◆ **Work request**: When a line in the entries below contains the word "with", copy that line.

◆ **Dataset records**:
((
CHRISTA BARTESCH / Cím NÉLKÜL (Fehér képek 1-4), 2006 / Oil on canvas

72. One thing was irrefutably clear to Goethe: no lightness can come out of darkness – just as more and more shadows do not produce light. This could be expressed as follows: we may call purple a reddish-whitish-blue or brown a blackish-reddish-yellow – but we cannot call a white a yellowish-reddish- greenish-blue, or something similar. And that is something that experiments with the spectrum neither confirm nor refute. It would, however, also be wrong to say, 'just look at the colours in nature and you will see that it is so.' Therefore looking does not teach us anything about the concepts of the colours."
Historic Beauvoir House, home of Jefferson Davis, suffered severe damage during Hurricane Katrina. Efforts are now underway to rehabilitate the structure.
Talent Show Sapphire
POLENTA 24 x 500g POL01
))
((
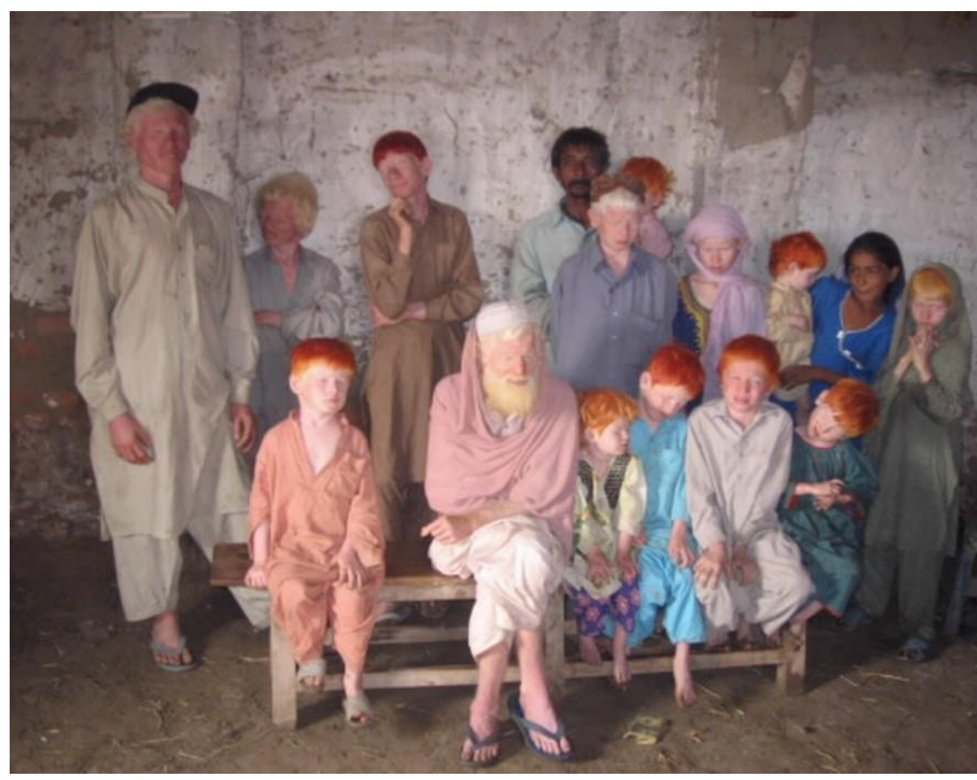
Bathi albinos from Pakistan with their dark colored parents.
))
◆ **Exercise result**:
72. One thing was irrefutably clear to Goethe: no lightness can come out of darkness – just as more and more shadows do not produce light. This could be expressed as follows: we may call purple a reddish-whitish-blue or brown a blackish-reddish-yellow – but we cannot call a white a yellowish-reddish- greenish-blue, or something similar. And that is something that experiments with the spectrum neither confirm nor refute. It would, however, also be wrong to say, 'just look at the colours in nature and you will see that it is so.' Therefore looking does not teach us anything about the concepts of the colours."
Bathi albinos from Pakistan with their dark colored parents.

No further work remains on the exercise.